The FAITH! HH+ ancillary study aims will take the next steps toward actionable strategies to improve community health. As a CBPR initiative, the overarching FAITH! program approach extends beyond community-led biospecimen collection to include structured processes for data sharing and co-interpretation with community partners, ensuring that findings are contextualized and aligned with community priorities. Insights from this study directly inform the iterative development and evaluation of culturally tailored interventions, most notably the FAITH! App, a mobile lifestyle intervention shown to improve cardiovascular health metrics among African American adults and currently undergoing continued community-informed optimization [30,72]. In addition, FAITH! is implementing educational strategies that address the psychosocial impacts of structural racism and chronic stress [35], including social support [73], faith-based health messaging [74], and interventions to simultaneously improve digital health literacy as well as cardiovascular and mental health outcomes [75]. Collectively, these efforts represent a deliberate shift from observational research toward the cocreation of actionable, community-centered solutions that support sustained improvements in population health outcomes.

Conclusions

Our study demonstrates that the measurement of CDR through participant biospecimen collection is feasible within a community-based study of community-dwelling African Americans. Potential challenges to overcome in future research include providing enhanced resources to support participant biospecimen collection.
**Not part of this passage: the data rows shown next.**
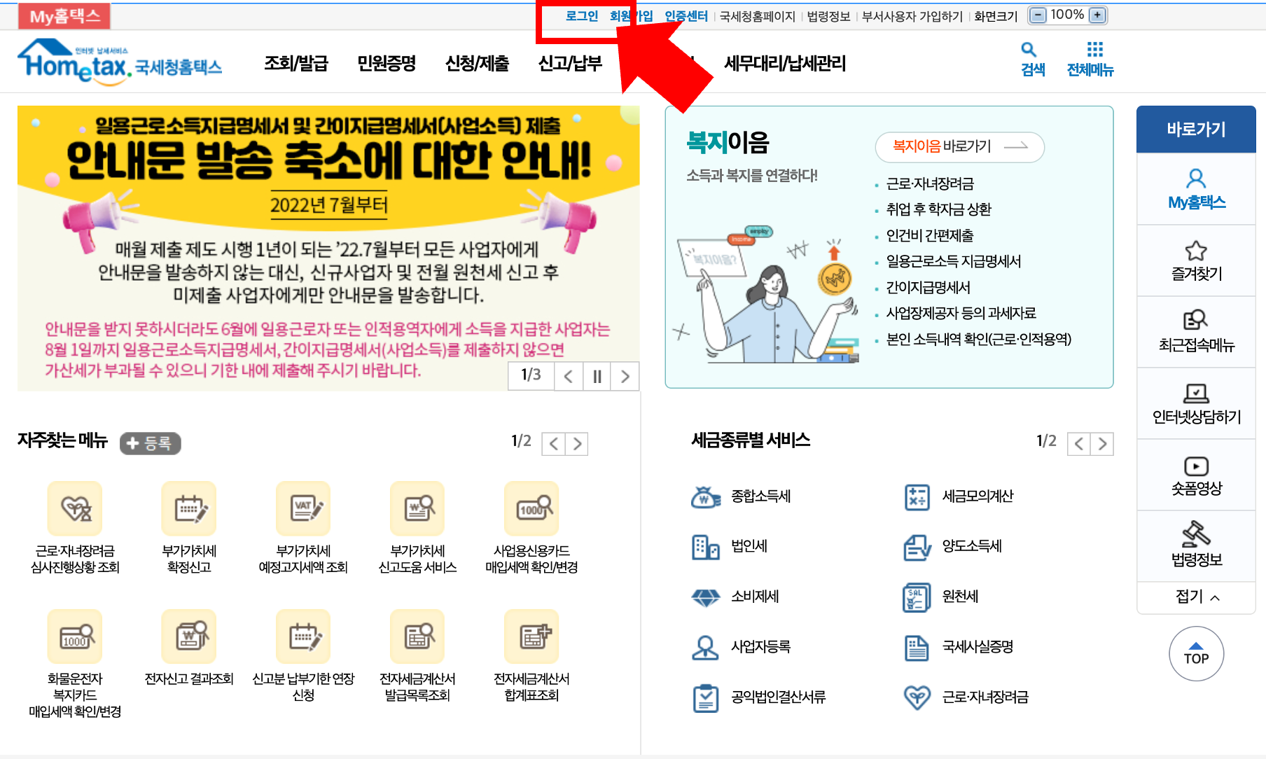 홈택스에 방문하여 "로그인"을 눌러줍니다.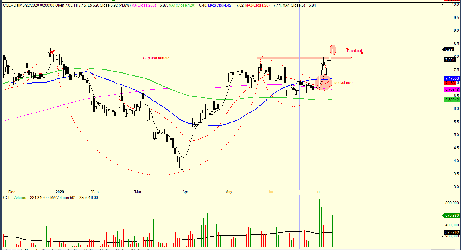 Tương tự, CCL cũng tiếp tục tăng điểm sau điểm Pocket Pivot, một kỹ thuật mua sớm trước điểm breakout của mẫu hình Cup and handle.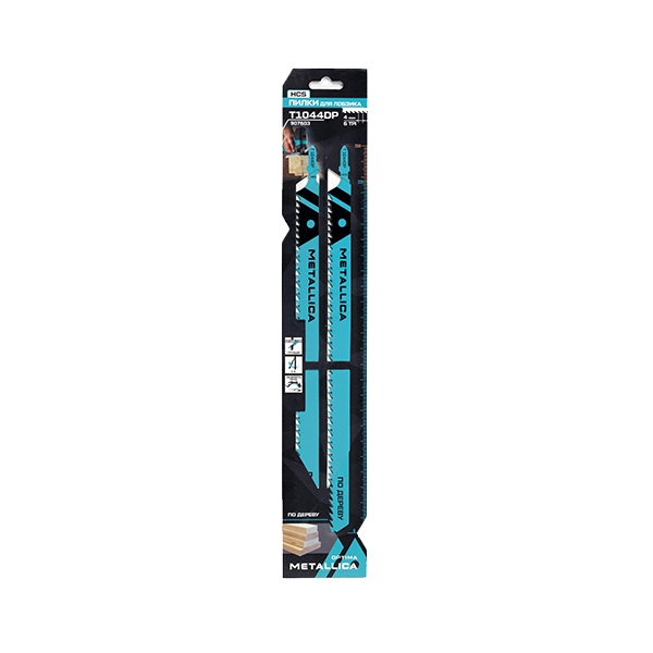Пилки д/лобзика METALLICA Optima T1044DP, 250/225мм шаг 4мм, HCS толст., прям. рез, по дереву 2шт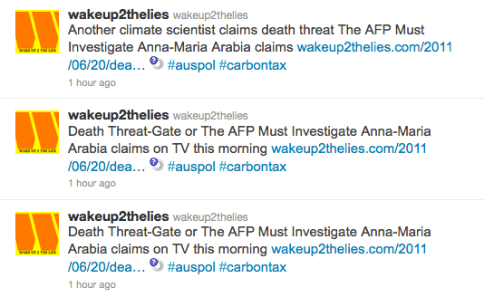tweets from climate denialist Published June 20, 2011 at 534 × 328 in “Wake Up To The Lies” tells lies about climate change « Previous Next »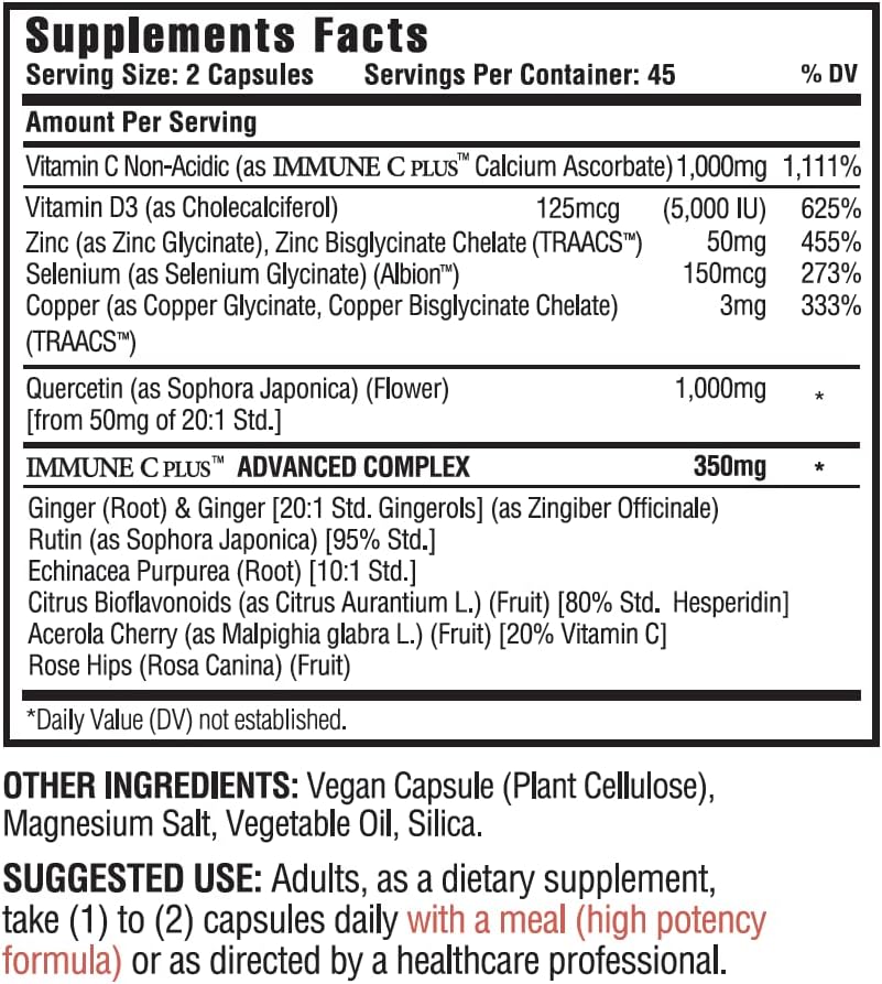 (90 Capsules), Quercetin 1,000mg, Vitamin C 1,000mg, Zinc 50mg, Vitamin D3 5,000iu, Selenium, Copper, Acerola, Ginger, Rutin, Bitter Orange, Rose Hips, Echinacea, Immune C Plus, 12 in 1 Immune Support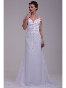 Column V-Neck Beading Brush Train Chiffon Wedding Dress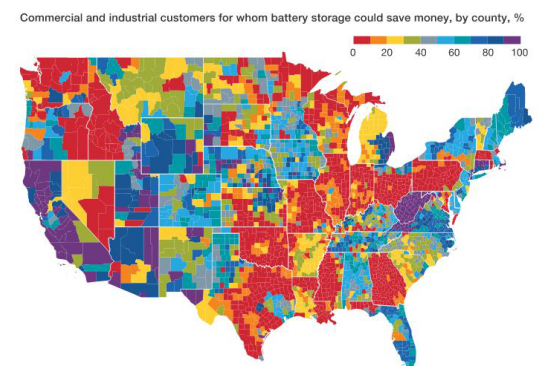 在此基礎(chǔ)上,美國(guó)分布式電池安裝市場(chǎng)迅速擴(kuò)張,每年增長(zhǎng)速度高達(dá)50%。迄今為止,此類安裝主要用于管理“電力需求費(fèi)用”,基于電力高峰需求的月度支付。由于全年的支付與幾天內(nèi)幾小時(shí)內(nèi)最高能源消耗有關(guān),因此通過平滑電力需求以降低成本具有強(qiáng)烈的經(jīng)濟(jì)動(dòng)機(jī)。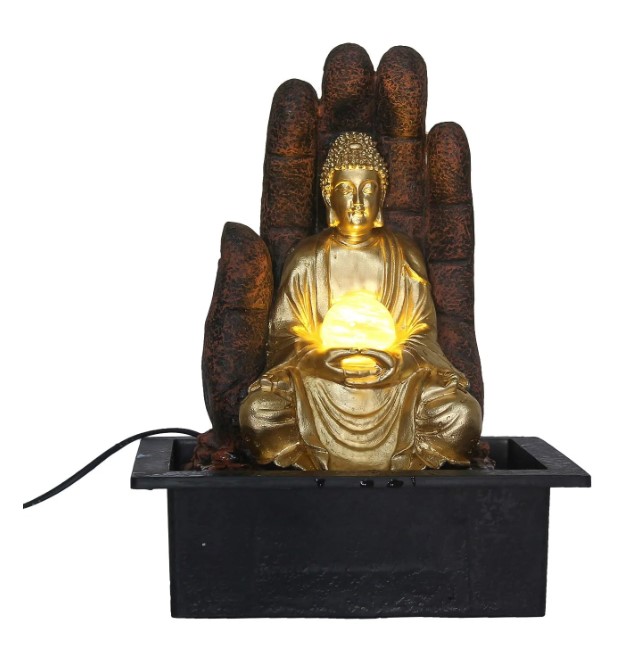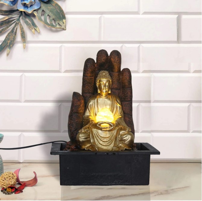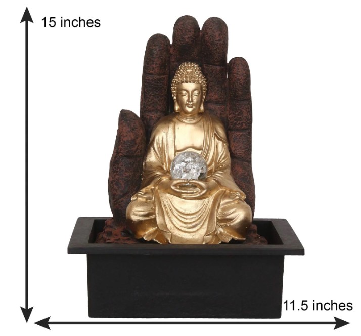 Package Content - One Beautiful Golden Maditation Buddah Water Fountain Show Piece With Led Lights Crystal Ball For Home & Office Decor 15*11.5 Inches

Our study findings suggest that CDR is a potentially feasible measure of chronic stress physiological burden (eg, toxic stress), given the association between subjective (participant-reported) and objective (geospatial) measures of exposure to psychosocial and socioeconomic stress and lower diurnal cortisol in African American women. Taken together, our study provides evidence that the collection of multimodal (survey, environmental, and physiologic) data in community-engaged research is necessary to investigate the impact of racism at the individual, interpersonal, and structural levels. Further, CDR may serve as a biomarker in community-based studies aiming to assess the effectiveness of multilevel interventions or strategies at a physiologic and mechanistic level in historically marginalized communities most impacted by health disparities.